System requirements


Functional:

  1. User Registration and Authentication:
    • Users should be able to create accounts, log in, and log out securely.
    • Option for email verification and password recovery.
  2. Content Submission:
    • Users can submit different types of content, including text posts, links, images, and videos.
    • Each submission should have a title and description.
  3. Voting Mechanism:
    • Users can upvote or downvote submissions to influence their visibility.
    • Display the score of a submission (net votes).
  4. Commenting and Discussions:
    • Users can comment on posts, and comments should support nesting for threaded discussions.
    • Users should be able to reply to other comments.
  5. Subreddits (Communities):
    • Users can create and join subreddits based on interests or topics.

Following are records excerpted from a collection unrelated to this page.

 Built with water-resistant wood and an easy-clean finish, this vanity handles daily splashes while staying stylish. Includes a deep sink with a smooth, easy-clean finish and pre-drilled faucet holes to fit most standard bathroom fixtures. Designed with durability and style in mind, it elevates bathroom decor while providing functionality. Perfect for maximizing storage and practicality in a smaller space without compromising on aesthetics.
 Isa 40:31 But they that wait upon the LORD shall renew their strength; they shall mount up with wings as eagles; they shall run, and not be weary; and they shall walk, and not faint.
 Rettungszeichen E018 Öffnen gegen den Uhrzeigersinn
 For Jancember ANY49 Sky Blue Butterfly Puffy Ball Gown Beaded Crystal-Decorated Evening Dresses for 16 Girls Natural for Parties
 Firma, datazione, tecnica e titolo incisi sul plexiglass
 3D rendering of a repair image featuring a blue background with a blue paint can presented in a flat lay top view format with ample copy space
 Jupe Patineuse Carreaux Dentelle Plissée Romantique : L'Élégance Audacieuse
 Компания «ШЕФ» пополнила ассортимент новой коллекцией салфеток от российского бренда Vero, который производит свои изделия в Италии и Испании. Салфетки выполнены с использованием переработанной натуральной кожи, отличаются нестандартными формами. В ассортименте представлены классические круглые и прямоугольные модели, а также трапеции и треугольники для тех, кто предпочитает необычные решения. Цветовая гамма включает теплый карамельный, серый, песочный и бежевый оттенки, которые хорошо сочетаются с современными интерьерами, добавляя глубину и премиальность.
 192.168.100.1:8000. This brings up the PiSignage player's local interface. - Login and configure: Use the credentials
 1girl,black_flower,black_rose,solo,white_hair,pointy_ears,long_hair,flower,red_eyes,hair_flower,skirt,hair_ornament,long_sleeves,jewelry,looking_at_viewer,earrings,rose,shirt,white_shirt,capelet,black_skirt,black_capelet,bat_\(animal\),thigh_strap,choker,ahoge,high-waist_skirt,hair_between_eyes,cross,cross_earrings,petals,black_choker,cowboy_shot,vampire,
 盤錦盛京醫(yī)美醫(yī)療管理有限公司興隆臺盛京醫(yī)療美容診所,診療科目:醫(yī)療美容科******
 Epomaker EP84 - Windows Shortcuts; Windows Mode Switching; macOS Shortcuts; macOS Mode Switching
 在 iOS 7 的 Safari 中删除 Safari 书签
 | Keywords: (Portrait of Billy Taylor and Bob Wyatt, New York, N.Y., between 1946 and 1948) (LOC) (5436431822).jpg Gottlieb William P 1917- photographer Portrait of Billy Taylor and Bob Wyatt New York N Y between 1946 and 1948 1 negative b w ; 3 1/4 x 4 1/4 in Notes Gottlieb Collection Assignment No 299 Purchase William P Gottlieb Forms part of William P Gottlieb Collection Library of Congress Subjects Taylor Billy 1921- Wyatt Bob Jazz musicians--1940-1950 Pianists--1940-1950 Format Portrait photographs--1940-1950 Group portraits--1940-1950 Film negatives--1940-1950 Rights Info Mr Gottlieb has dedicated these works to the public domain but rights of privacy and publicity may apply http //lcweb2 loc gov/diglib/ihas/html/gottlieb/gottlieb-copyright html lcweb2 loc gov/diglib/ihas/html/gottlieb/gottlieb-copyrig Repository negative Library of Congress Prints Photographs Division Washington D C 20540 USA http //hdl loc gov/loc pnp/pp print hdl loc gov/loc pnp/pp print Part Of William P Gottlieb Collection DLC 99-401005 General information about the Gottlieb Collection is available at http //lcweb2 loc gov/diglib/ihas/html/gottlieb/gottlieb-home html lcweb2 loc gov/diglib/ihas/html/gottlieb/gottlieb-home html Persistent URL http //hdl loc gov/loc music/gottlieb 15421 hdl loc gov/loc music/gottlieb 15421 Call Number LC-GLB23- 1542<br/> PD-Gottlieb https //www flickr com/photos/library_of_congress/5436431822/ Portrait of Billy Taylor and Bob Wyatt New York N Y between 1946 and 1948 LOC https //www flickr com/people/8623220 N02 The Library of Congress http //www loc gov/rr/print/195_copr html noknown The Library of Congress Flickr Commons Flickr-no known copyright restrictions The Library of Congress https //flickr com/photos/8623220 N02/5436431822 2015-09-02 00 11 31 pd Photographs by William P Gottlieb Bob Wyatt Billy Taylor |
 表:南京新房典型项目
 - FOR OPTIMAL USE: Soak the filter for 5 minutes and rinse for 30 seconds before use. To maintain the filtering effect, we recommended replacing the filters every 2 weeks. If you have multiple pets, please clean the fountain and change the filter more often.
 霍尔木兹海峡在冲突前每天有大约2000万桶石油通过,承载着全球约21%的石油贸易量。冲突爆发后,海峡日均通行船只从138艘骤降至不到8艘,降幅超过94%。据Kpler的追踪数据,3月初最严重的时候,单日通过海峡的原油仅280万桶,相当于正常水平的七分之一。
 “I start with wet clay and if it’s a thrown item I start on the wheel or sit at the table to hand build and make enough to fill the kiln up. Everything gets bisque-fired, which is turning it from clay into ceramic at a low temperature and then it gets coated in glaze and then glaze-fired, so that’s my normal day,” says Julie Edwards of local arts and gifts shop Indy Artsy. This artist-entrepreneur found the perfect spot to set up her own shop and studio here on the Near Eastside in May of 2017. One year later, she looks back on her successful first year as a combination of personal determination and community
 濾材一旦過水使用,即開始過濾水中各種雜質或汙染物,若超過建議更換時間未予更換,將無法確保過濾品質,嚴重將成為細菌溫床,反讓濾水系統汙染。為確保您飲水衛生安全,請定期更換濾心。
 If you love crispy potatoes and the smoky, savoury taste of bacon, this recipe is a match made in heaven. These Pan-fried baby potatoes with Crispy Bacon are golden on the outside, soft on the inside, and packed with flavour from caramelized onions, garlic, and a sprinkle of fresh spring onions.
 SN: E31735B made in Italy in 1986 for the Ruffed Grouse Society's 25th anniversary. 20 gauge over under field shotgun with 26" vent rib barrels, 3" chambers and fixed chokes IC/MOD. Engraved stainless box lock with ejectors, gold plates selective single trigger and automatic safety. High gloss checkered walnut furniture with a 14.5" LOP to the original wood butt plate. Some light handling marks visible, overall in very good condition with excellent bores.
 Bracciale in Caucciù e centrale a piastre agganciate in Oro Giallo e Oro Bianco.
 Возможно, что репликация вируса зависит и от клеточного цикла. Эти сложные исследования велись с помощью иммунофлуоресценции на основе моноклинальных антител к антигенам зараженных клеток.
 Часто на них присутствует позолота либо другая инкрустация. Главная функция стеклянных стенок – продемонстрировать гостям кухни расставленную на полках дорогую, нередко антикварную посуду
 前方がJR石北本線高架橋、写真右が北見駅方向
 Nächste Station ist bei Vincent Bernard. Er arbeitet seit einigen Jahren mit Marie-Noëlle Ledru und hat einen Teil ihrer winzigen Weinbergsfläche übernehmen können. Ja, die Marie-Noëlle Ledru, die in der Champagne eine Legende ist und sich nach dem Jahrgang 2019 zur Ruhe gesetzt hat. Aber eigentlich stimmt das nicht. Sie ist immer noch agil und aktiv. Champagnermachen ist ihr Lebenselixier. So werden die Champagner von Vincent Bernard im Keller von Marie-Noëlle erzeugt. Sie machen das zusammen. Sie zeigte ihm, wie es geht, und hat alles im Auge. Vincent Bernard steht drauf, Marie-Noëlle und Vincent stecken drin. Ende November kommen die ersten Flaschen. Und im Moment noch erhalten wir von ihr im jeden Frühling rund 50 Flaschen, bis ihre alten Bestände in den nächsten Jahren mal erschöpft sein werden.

    • Each subreddit should have its own rules, moderators, and content restrictions.
  6. Moderation Tools:
    • Users (especially moderators) can remove or report harmful content.
    • Implement mechanisms for user flags and reports.
  7. User Profiles:
    • User profiles should display submitted content, upvotes, comments, and awards.
    • Support for user customization (profile picture, bio).
  8. Content Feed and Discovery:
    • A home feed that shows trending posts based on user subscriptions and global trends.
    • Search functionality for finding content and subreddits.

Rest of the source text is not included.